** Opening DATA FOR THIS EXERCISE block **
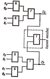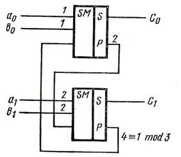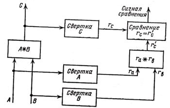 Параллельно с основной операцией (обозначим ее *) над словами А и В в контролирующем устройстве выполняется аналогичная операция над остатками r а и r ь . Затем результат операции С сворачивается и величина r с сравнивается с результатом r 'с , полученным в контрольном устройстве. Совпадение r с и r 'с свидетельствует о правильном выполнении операции.
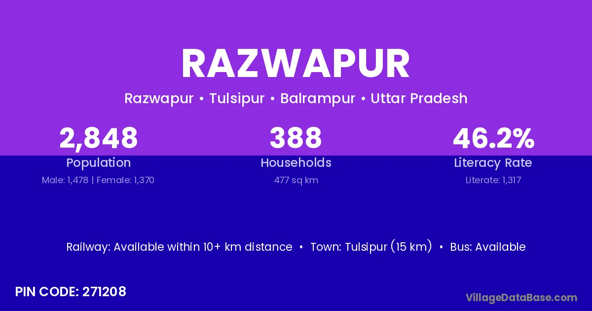 Tulsipur (15 km) is the nearest town to Razwapur village for major economic activities and is located approximately 15 km away.
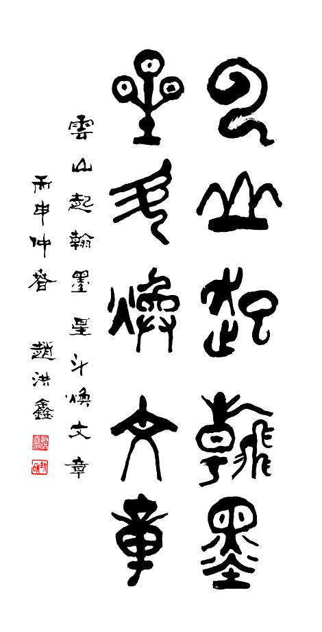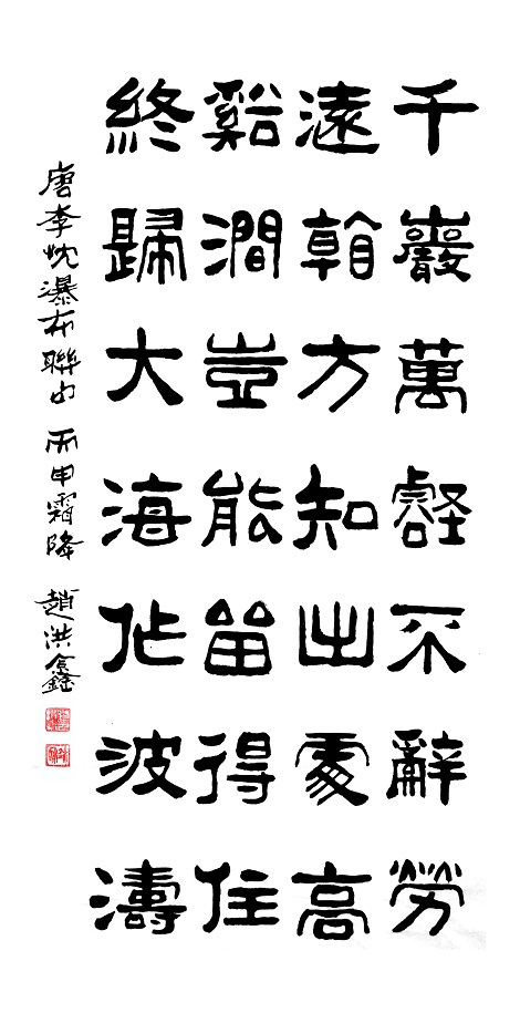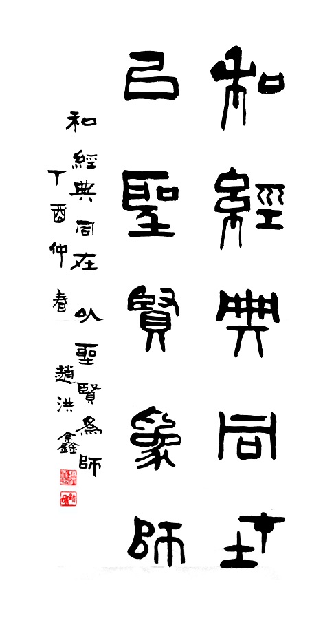 赵洪鑫,男,汉族,一九四二年生,山东省章丘市人。自幼酷爱书法,临池不辍,由唐楷入手,作品追求规范和谨严、崇尚灵秀、遒厚古朴、风格鲜明,在挥洒自如的创作中不失法度并彰显出深厚的师法古人之功力。现为:中国投资协会投咨委文化艺术品投融资中心顾问、中国管理科学研究院学术委员会特约研究员、中央国家机关书法家协会会员、全国名人书画界联合会主任委员、文化部中华儿童文化艺术促进会第二届全国美术摄影大赛评委。
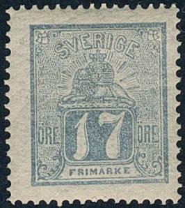 Sweden, Facit 15c or Scott 15 *, 17 öre bluish grey. Very fresh ex. F 6500
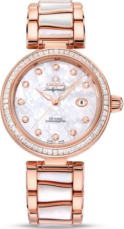 Chiếc OMEGA Ladymatic này có mặt số xà cừ với 11 vạch chỉ giờ bằng kim cương cắt đơn. Mặt số tinh tế có thể được nhìn thấy qua mặt kính sapphire chống trầy xước. Viền được trang trí bằng 60 viên kim cương cắt baguette và được gắn trên vỏ bằng vàng Sedna™ 34 mm 18K.
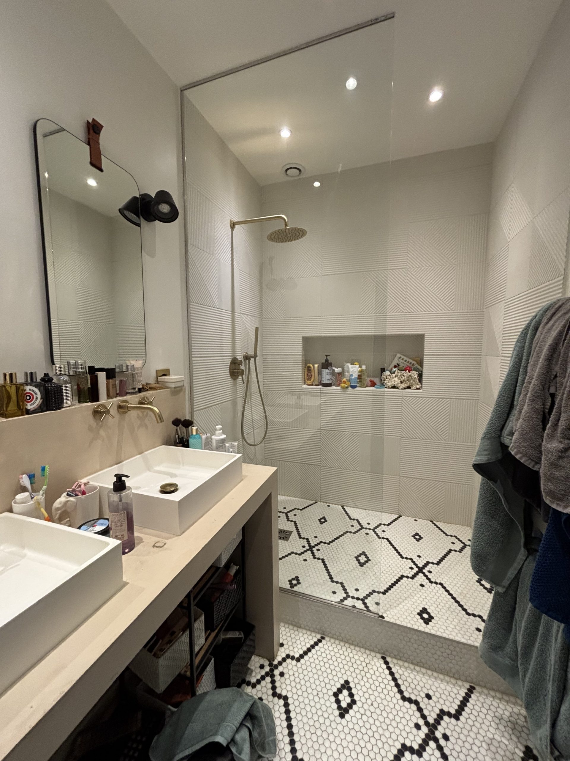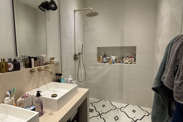 Une double réception avec cuisine américaine, une salle de douche, trois chambres, un wc séparé.
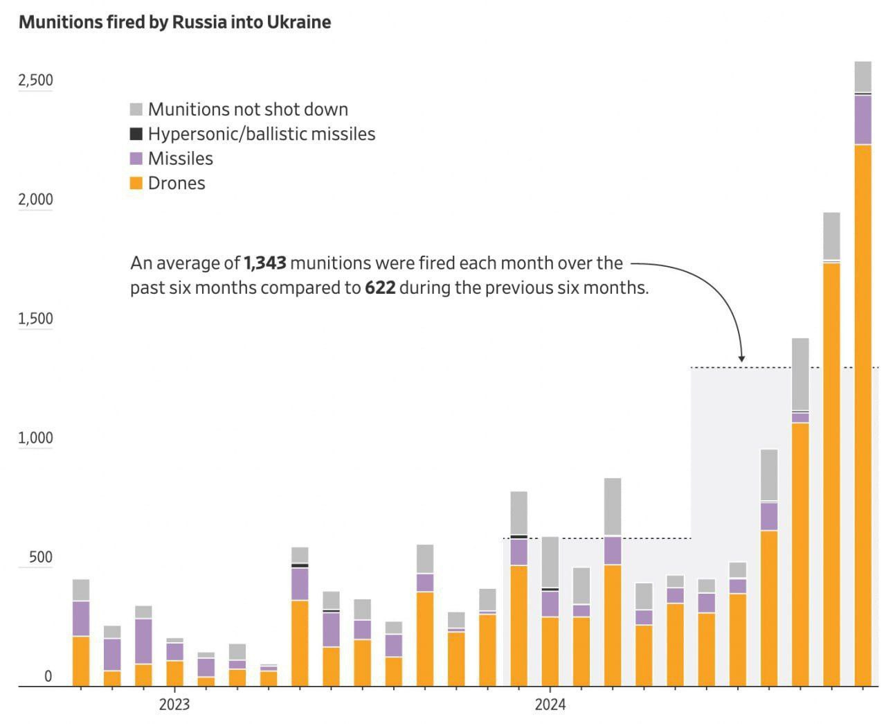 Ukraine shared a chart of fired Russian munitions over the past year plus:
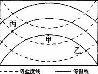 5、单选题 下图为某海域等温线和等盐度线示意图(甲处有洋流经过),回答:
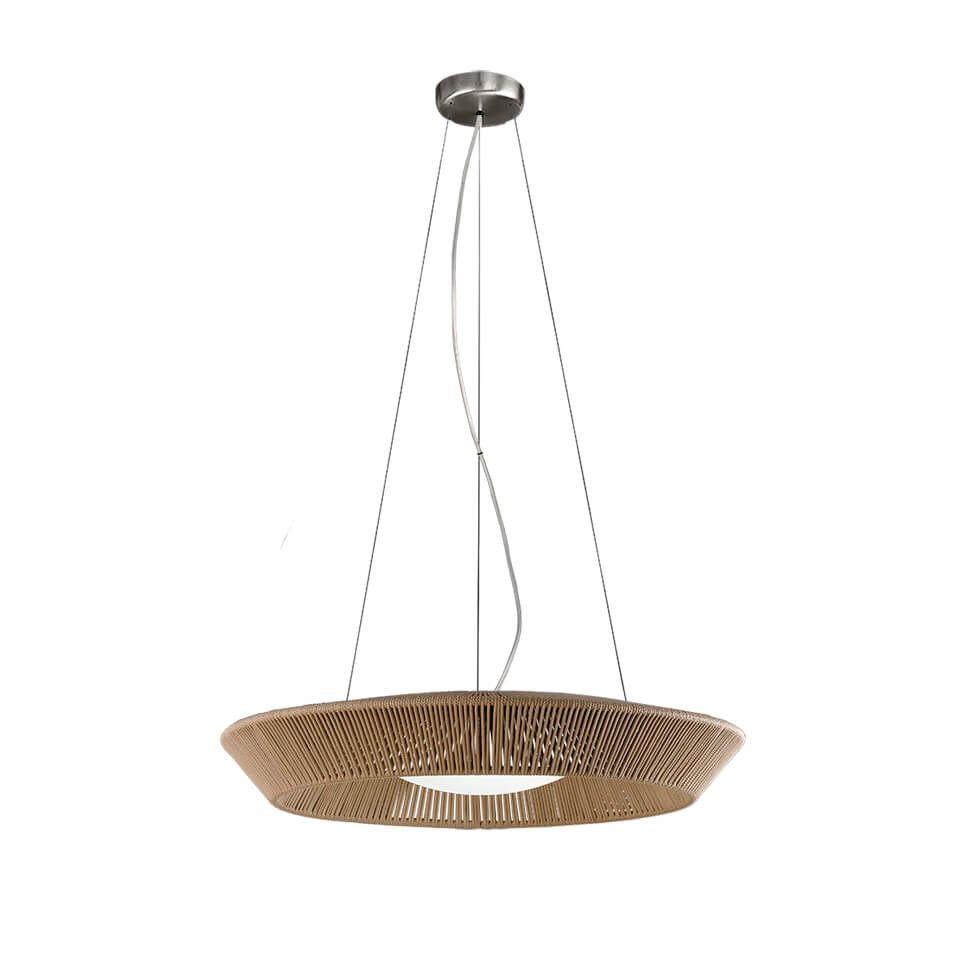 Lámpara colgante con pantalla de Ø75 cm de cuerda fabricada con botellas de plástico recicladas, trenzada artesanalmente. Con difusor de cristal satinado.
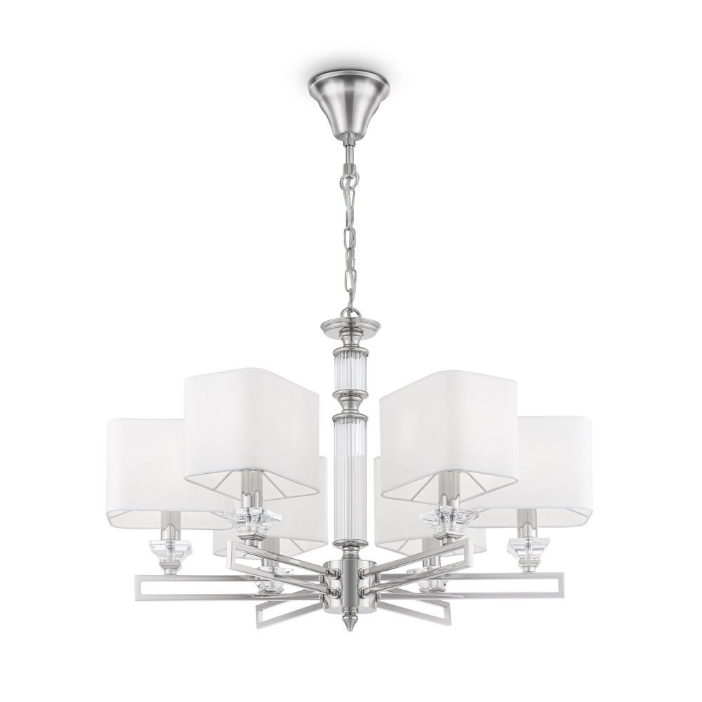 Хромированная металлическая арматура. Абажуры из белого текстиля, нанесенного на ПВХ. Стеклянный декор центральной части и розеток. Геометрические рожки.
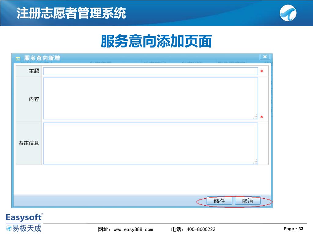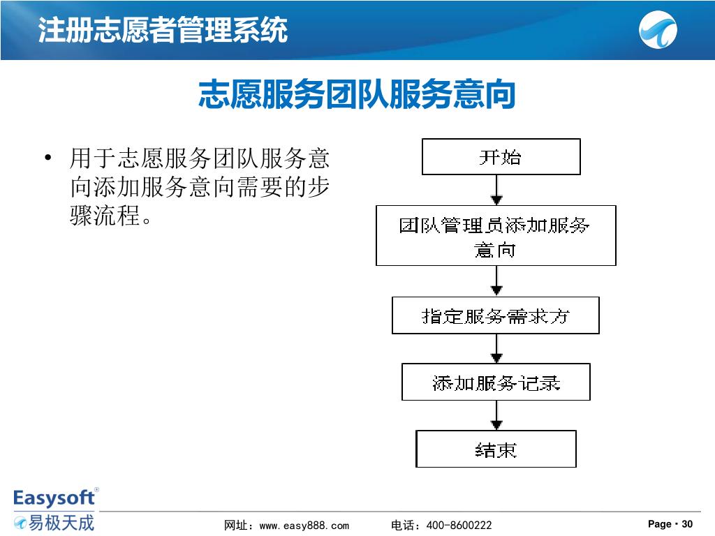 志愿服务团队服务意向 注册志愿者管理系统 • 用于志愿服务团队服务意向添加服务意向需要的步骤流程。
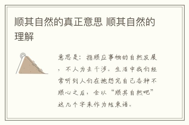 意思是:指顺应事物的自然发展,不人为去干涉。生活中我们经常听到人们在抱怨完自己各种不顺心之后,会把“顺其自然吧”这几个字来作为结束语。
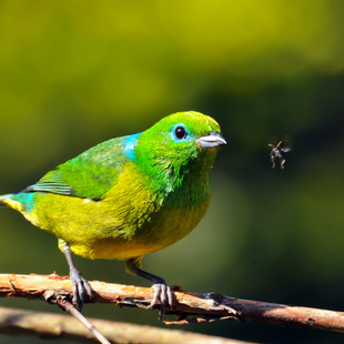Frutinhas da mata, pequenas larvas, folhas e também néctar. Aprecia a erva-de-passarinho, planta frequente nas cidades.
** Closing DATA FOR THIS EXERCISE block **
WHAT TO DO: Treating the line with "赵洪鑫,男,汉族,一九四二年" as the last line to include, retype the records exactly from their first line, excluding pictures.

TASK ANSWER:
 Параллельно с основной операцией (обозначим ее *) над словами А и В в контролирующем устройстве выполняется аналогичная операция над остатками r а и r ь . Затем результат операции С сворачивается и величина r с сравнивается с результатом r 'с , полученным в контрольном устройстве. Совпадение r с и r 'с свидетельствует о правильном выполнении операции.
 Tulsipur (15 km) is the nearest town to Razwapur village for major economic activities and is located approximately 15 km away.
 赵洪鑫,男,汉族,一九四二年生,山东省章丘市人。自幼酷爱书法,临池不辍,由唐楷入手,作品追求规范和谨严、崇尚灵秀、遒厚古朴、风格鲜明,在挥洒自如的创作中不失法度并彰显出深厚的师法古人之功力。现为:中国投资协会投咨委文化艺术品投融资中心顾问、中国管理科学研究院学术委员会特约研究员、中央国家机关书法家协会会员、全国名人书画界联合会主任委员、文化部中华儿童文化艺术促进会第二届全国美术摄影大赛评委。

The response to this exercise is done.